▶ [Action item] Reproduce all entries below verbatim. Skip the pictures.

··· Records shown

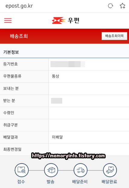 그러면 이렇게 해당 송장의 배송 조회가 되는데요. 여기서 배달 결과를 한 번 살펴보면 '미배달'이라고 적혀있는 것을 알 수 있습니다.
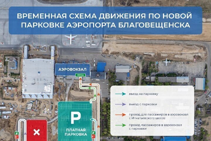 В столичном аэропорту Амурской области заработает новая парковка, где раньше была привокзальная площадь. В день открытия, 23 июня, на реконструкцию сдадут старый паркинг и изменят схему для въезда, сообщает пресс-служба администрации.
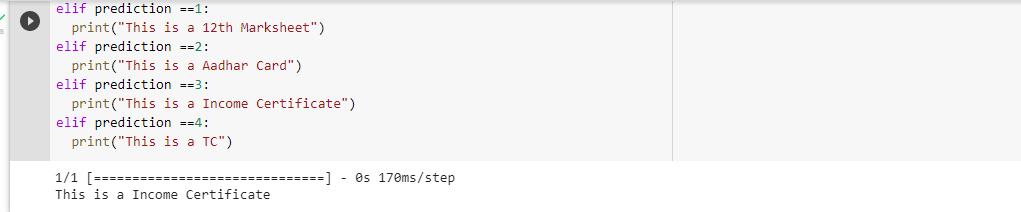 Aswehaveuploadeddocumentasshownintheaboveinputphaseforthepredictionofthedocumenttype.Wegotadesire predictionasshowninbelowsnapshot.
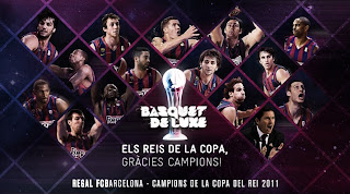 NotíciaCampions de la copa del rei de bàsquet 2011!! Posted on 14 febrer 2011 by Penya Blaugrana dIgualada Per segon any consecutiu, el FC Barcelona s’ha proclamat campió de la copa del rei de bàsquet. En una final molt igualada, contra el Real Madrid i en terreny contrari, el Barça ha guanyat merescudament aquest trofeu. Enhorabona campions! Anem al Teatre: “Ara estem d’acord, estem d’acord”. Final de la Primera volta i la Penya segueix líder.
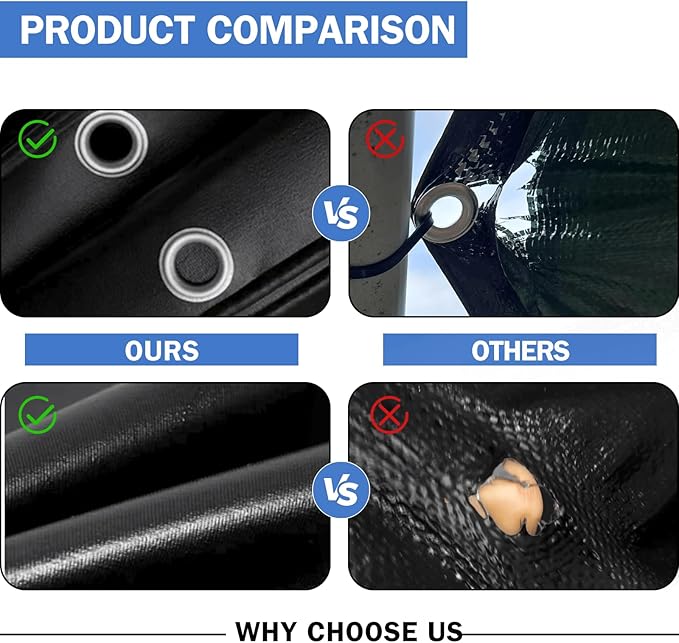 • Heavy-Duty and Sturdy: With sturdy grommets and reinforced edges on our waterproof tarps heavy duty outdoor, the tarps heavy duty waterproof has rust-proof aluminum grommets every 3 feet to make it easy to secure and tie down. This design enables roof tarps for camping to fit tightly and firmly to objects, effectively preventing wind and rain from penetrating, and providing better use results
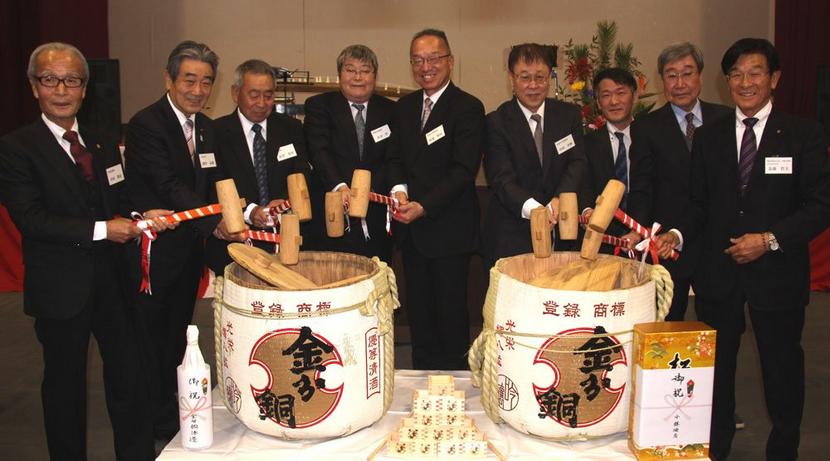 年男、年女の松村常男、倉冨浩、厚東和彦、中村淳朗、中田典保、弘中敏夫さんと金藤会長、国井市長、中村隆征市議会議長が酒樽の鏡開きをし、地区自治会連合会の村上基起副会長の発声で乾杯。懇親会では花岡婦人会が作ったおでんが人気を集め、清水館長の音頭で万歳三唱をした。
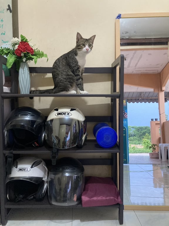 รอยตำหนิ: ลายสลิด หูหนวกขี้อ้อนตอนหิวชอบเอาจมูกมาดันๆหน้าเจ้าของ,ชอบนั่งมองผีเสื้อ,ใช้จมูกดมมากพิเศษทุกสิ่งเพราะหูหนวก,ชอบกินปูอัด,ชอบกินทาโร่่,ชอบเล่นให้โยนตุ๊กตาไปแล้วคาบมาให้เจ้าของ

······

▶ [Problem solution]
 그러면 이렇게 해당 송장의 배송 조회가 되는데요. 여기서 배달 결과를 한 번 살펴보면 '미배달'이라고 적혀있는 것을 알 수 있습니다.
 В столичном аэропорту Амурской области заработает новая парковка, где раньше была привокзальная площадь. В день открытия, 23 июня, на реконструкцию сдадут старый паркинг и изменят схему для въезда, сообщает пресс-служба администрации.
 Aswehaveuploadeddocumentasshownintheaboveinputphaseforthepredictionofthedocumenttype.Wegotadesire predictionasshowninbelowsnapshot.
 NotíciaCampions de la copa del rei de bàsquet 2011!! Posted on 14 febrer 2011 by Penya Blaugrana dIgualada Per segon any consecutiu, el FC Barcelona s’ha proclamat campió de la copa del rei de bàsquet. En una final molt igualada, contra el Real Madrid i en terreny contrari, el Barça ha guanyat merescudament aquest trofeu. Enhorabona campions! Anem al Teatre: “Ara estem d’acord, estem d’acord”. Final de la Primera volta i la Penya segueix líder.
 • Heavy-Duty and Sturdy: With sturdy grommets and reinforced edges on our waterproof tarps heavy duty outdoor, the tarps heavy duty waterproof has rust-proof aluminum grommets every 3 feet to make it easy to secure and tie down. This design enables roof tarps for camping to fit tightly and firmly to objects, effectively preventing wind and rain from penetrating, and providing better use results
 年男、年女の松村常男、倉冨浩、厚東和彦、中村淳朗、中田典保、弘中敏夫さんと金藤会長、国井市長、中村隆征市議会議長が酒樽の鏡開きをし、地区自治会連合会の村上基起副会長の発声で乾杯。懇親会では花岡婦人会が作ったおでんが人気を集め、清水館長の音頭で万歳三唱をした。
 รอยตำหนิ: ลายสลิด หูหนวกขี้อ้อนตอนหิวชอบเอาจมูกมาดันๆหน้าเจ้าของ,ชอบนั่งมองผีเสื้อ,ใช้จมูกดมมากพิเศษทุกสิ่งเพราะหูหนวก,ชอบกินปูอัด,ชอบกินทาโร่่,ชอบเล่นให้โยนตุ๊กตาไปแล้วคาบมาให้เจ้าของ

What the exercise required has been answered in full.